When you set down the entries, keep every word exactly as it is but drop the pictures.

─── Input ───

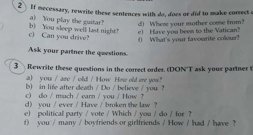 2. a) Do you play the guitar? b) Did you sleep well last night? c) - d) Where do/did your mother come from? e) - f) -
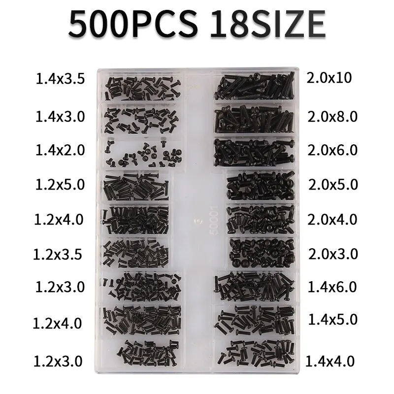 1. 18 типов s, каждый тип около 27 шт., всего около 500 шт./компл..2. Подходит для ремонта мобильных телефонов/компьютеров/часов и т. д.3. Хорошо упакованные и ассорти в пластиковой коробке, не нужно беспокоиться о повреждении или расстройстве.
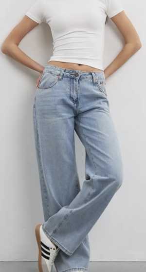 Новые джинсы, размер 42-44, широкие от бедра, низкая посадка, приятный голубой цвет. Брала за 4.300 в магазине (оригинал).
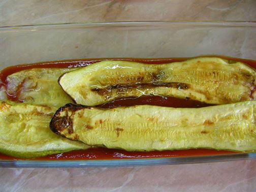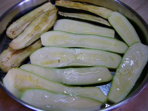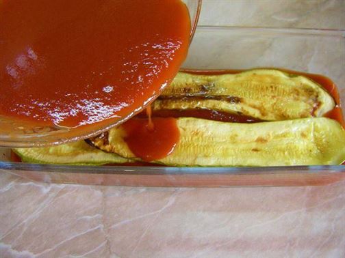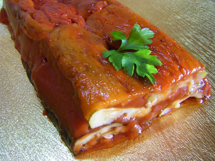 НАРЕЖЕТЕ ПАТЛАДЖАНИТЕ И ТИКВИЧКИТЕ НА ДЕБЕЛИ ПАРЧЕТА ПО ДЪЛЖИНА.ПОРЪСЕТЕ ПАТЛАДЖАНА СЪС СОЛ И ОСТАВЕТЕ ДА ПРЕСТОИ ЗА 10-15 МИНУТИ,ЗА ДА ПУСНЕ ГОРЧИВИЯ СИ СОК.ИЗМИЙТЕ ГО И ЗАЕДНО С ТИКВИЧКИТЕ,ГИ ПОДРЕДЕТЕ В ПОДХОДЯЩА ТАВА,КОЯТО СТЕ НАМАЗАЛИ С ОЛИОТО.ПОРЪСЕТЕ ГИ СЪС СОЛ НА ВКУС И ГИ ПЕЧЕТЕ ВЪВ ФУРНАТА ПРИ 200 ГРАДУСА,ДОКАТО ОМЕКНАТ НА ПЪЛНО.РАЗТОПЕТЕ НА ВОДНА БАНЯ ЖЕЛАТИНА,ЗАЛЯТ С 60 МЛ ВОДА.ДОБАВЕТЕ КЪМ ДОМАТЕНОТО ПЮРЕ СКИЛИДКИТЕ ЧЕСЪН,КАТО ГИ ПРЕСОВАТЕ,ДОБАВЕТЕ СОЛ НА ВКУС И ВНИМАТЕЛНО ПРИБАВЕТЕ ЖЕЛАТИНА (КАКТО МОЖЕ ДА ВИДИТЕ ОТ СНИМКИТЕ "СТЪПКА ПО СТЪПКА").НА ДЪНОТО НА ПРОДЪЛГОВАТА ФОРМА,КОЯТО СТЕ НАМАЗАЛИ С МАЛКО МАЗНИНА ПРЕДВАРИТЕЛНО ,НАРЕДЕТЕ ПЕЧЕНИТЕ ЧУШКИ,ЗАЛЕЙТЕ ГИ С ДОМАТЕНО ПЮРЕ,А ОТГОРЕ НАРЕДЕТЕ ПЛАСТ ТИКВИЧКИ,ЗАЛЕЙТЕ ГИ С ДОМАТЕНО ПЮРЕ,ПАТЛАДЖАНИ И РЕДУВАЙТЕ ТАКА ДО КРАЯ.ПОСТАВЕТЕ В ХЛАДИЛНИК И ОСТАВЕТЕ ДА ПРЕСТОИ ЗА НЯКОЛКО ЧАСА ДА СЕ ЖЕЛИРА НАПЪЛНО,АКО ИСКАТЕ ПО-БЪРЗО СЛОЖЕТЕ ГО ВЪВ ФРИЗЕРА ЗА 1 ЧАС И 30 МИНУТИ.В ПОДХОДЯЩА ЧИНИЯ ОБЪРНЕТЕ И УКРАСЕТЕ С МАГДАНОЗ. ПРОБВАЙТЕ И СПОДЕЛЕТЕ. ДА ВИ Е СЛАДКО.
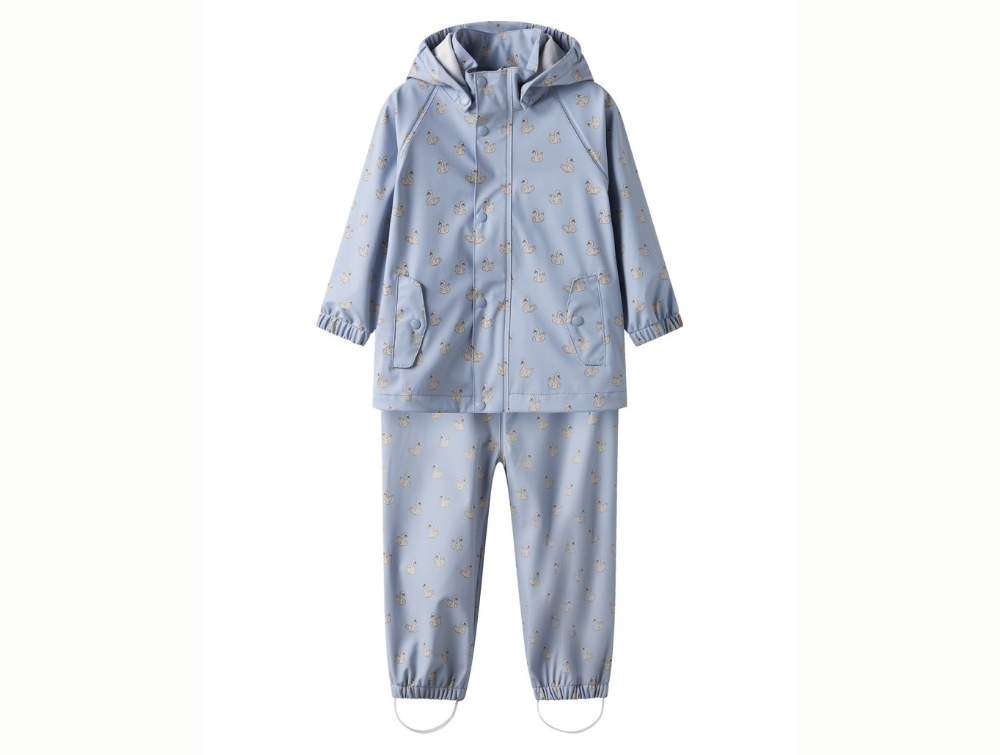 Regnsæt i blå nuance (zen blue) fra Lil' Atelier med fint svaneprint over hele sættet.
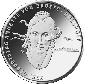 Bekanntmachung über die Ausprägung von deutschen Euro-Gedenkmünzen im Nennwert von 20 Euro (Gedenkmünze „225. Geburtstag Annette von Droste-Hülshoff“)
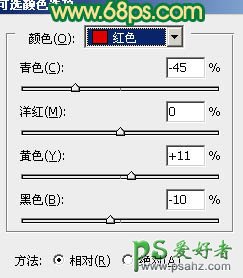 7、创建可选颜色调整图层,对红、绿、青进行调整,参数设置如图12 - 14,效果如图15。
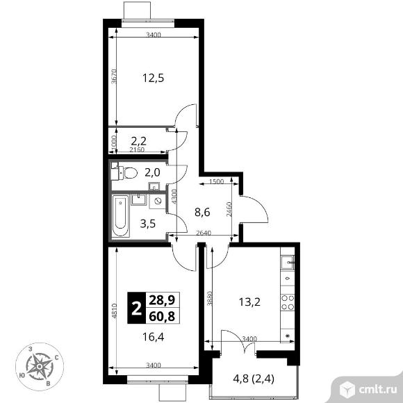Перейти к актуальным объявлениям рубрики Квартиры. 2-комнатная квартира 60,8 кв.м - ЖК "1-й Южный"
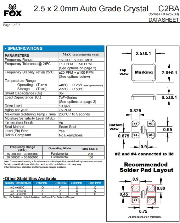 | FC2BACBEI25.0-T3 | Fox 晶振 | C2BA | 25 MHz | ±50ppm | ±30ppm | 10pF | -40°C ~ 125°C |
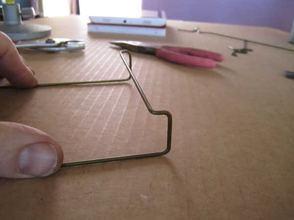 Mida y marque 1/4" en desde el lado izquierdo de la"C"en la parte superior e inferior. Doble el cable 90 grados para que el lado izquierdo ahora encuentra perpendicular a la mesa.
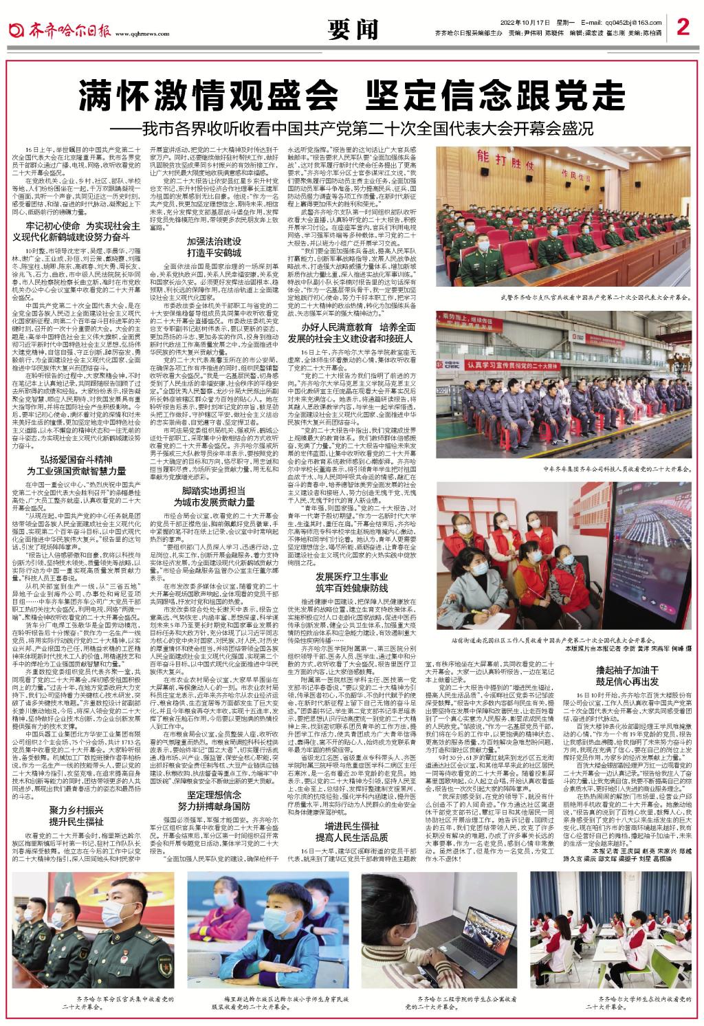 【齐齐哈尔日报】满怀激情观盛会 坚定信念跟党走—我市各界收听收看中国共产党第二十次全国代表大会开幕会盛况

───

**Solution for this exercise**
 2. a) Do you play the guitar? b) Did you sleep well last night? c) - d) Where do/did your mother come from? e) - f) -
 1. 18 типов s, каждый тип около 27 шт., всего около 500 шт./компл..2. Подходит для ремонта мобильных телефонов/компьютеров/часов и т. д.3. Хорошо упакованные и ассорти в пластиковой коробке, не нужно беспокоиться о повреждении или расстройстве.
 Новые джинсы, размер 42-44, широкие от бедра, низкая посадка, приятный голубой цвет. Брала за 4.300 в магазине (оригинал).
 НАРЕЖЕТЕ ПАТЛАДЖАНИТЕ И ТИКВИЧКИТЕ НА ДЕБЕЛИ ПАРЧЕТА ПО ДЪЛЖИНА.ПОРЪСЕТЕ ПАТЛАДЖАНА СЪС СОЛ И ОСТАВЕТЕ ДА ПРЕСТОИ ЗА 10-15 МИНУТИ,ЗА ДА ПУСНЕ ГОРЧИВИЯ СИ СОК.ИЗМИЙТЕ ГО И ЗАЕДНО С ТИКВИЧКИТЕ,ГИ ПОДРЕДЕТЕ В ПОДХОДЯЩА ТАВА,КОЯТО СТЕ НАМАЗАЛИ С ОЛИОТО.ПОРЪСЕТЕ ГИ СЪС СОЛ НА ВКУС И ГИ ПЕЧЕТЕ ВЪВ ФУРНАТА ПРИ 200 ГРАДУСА,ДОКАТО ОМЕКНАТ НА ПЪЛНО.РАЗТОПЕТЕ НА ВОДНА БАНЯ ЖЕЛАТИНА,ЗАЛЯТ С 60 МЛ ВОДА.ДОБАВЕТЕ КЪМ ДОМАТЕНОТО ПЮРЕ СКИЛИДКИТЕ ЧЕСЪН,КАТО ГИ ПРЕСОВАТЕ,ДОБАВЕТЕ СОЛ НА ВКУС И ВНИМАТЕЛНО ПРИБАВЕТЕ ЖЕЛАТИНА (КАКТО МОЖЕ ДА ВИДИТЕ ОТ СНИМКИТЕ "СТЪПКА ПО СТЪПКА").НА ДЪНОТО НА ПРОДЪЛГОВАТА ФОРМА,КОЯТО СТЕ НАМАЗАЛИ С МАЛКО МАЗНИНА ПРЕДВАРИТЕЛНО ,НАРЕДЕТЕ ПЕЧЕНИТЕ ЧУШКИ,ЗАЛЕЙТЕ ГИ С ДОМАТЕНО ПЮРЕ,А ОТГОРЕ НАРЕДЕТЕ ПЛАСТ ТИКВИЧКИ,ЗАЛЕЙТЕ ГИ С ДОМАТЕНО ПЮРЕ,ПАТЛАДЖАНИ И РЕДУВАЙТЕ ТАКА ДО КРАЯ.ПОСТАВЕТЕ В ХЛАДИЛНИК И ОСТАВЕТЕ ДА ПРЕСТОИ ЗА НЯКОЛКО ЧАСА ДА СЕ ЖЕЛИРА НАПЪЛНО,АКО ИСКАТЕ ПО-БЪРЗО СЛОЖЕТЕ ГО ВЪВ ФРИЗЕРА ЗА 1 ЧАС И 30 МИНУТИ.В ПОДХОДЯЩА ЧИНИЯ ОБЪРНЕТЕ И УКРАСЕТЕ С МАГДАНОЗ. ПРОБВАЙТЕ И СПОДЕЛЕТЕ. ДА ВИ Е СЛАДКО.
 Regnsæt i blå nuance (zen blue) fra Lil' Atelier med fint svaneprint over hele sættet.
 Bekanntmachung über die Ausprägung von deutschen Euro-Gedenkmünzen im Nennwert von 20 Euro (Gedenkmünze „225. Geburtstag Annette von Droste-Hülshoff“)
 7、创建可选颜色调整图层,对红、绿、青进行调整,参数设置如图12 - 14,效果如图15。
Перейти к актуальным объявлениям рубрики Квартиры. 2-комнатная квартира 60,8 кв.м - ЖК "1-й Южный"
 | FC2BACBEI25.0-T3 | Fox 晶振 | C2BA | 25 MHz | ±50ppm | ±30ppm | 10pF | -40°C ~ 125°C |
 Mida y marque 1/4" en desde el lado izquierdo de la"C"en la parte superior e inferior. Doble el cable 90 grados para que el lado izquierdo ahora encuentra perpendicular a la mesa.
 【齐齐哈尔日报】满怀激情观盛会 坚定信念跟党走—我市各界收听收看中国共产党第二十次全国代表大会开幕会盛况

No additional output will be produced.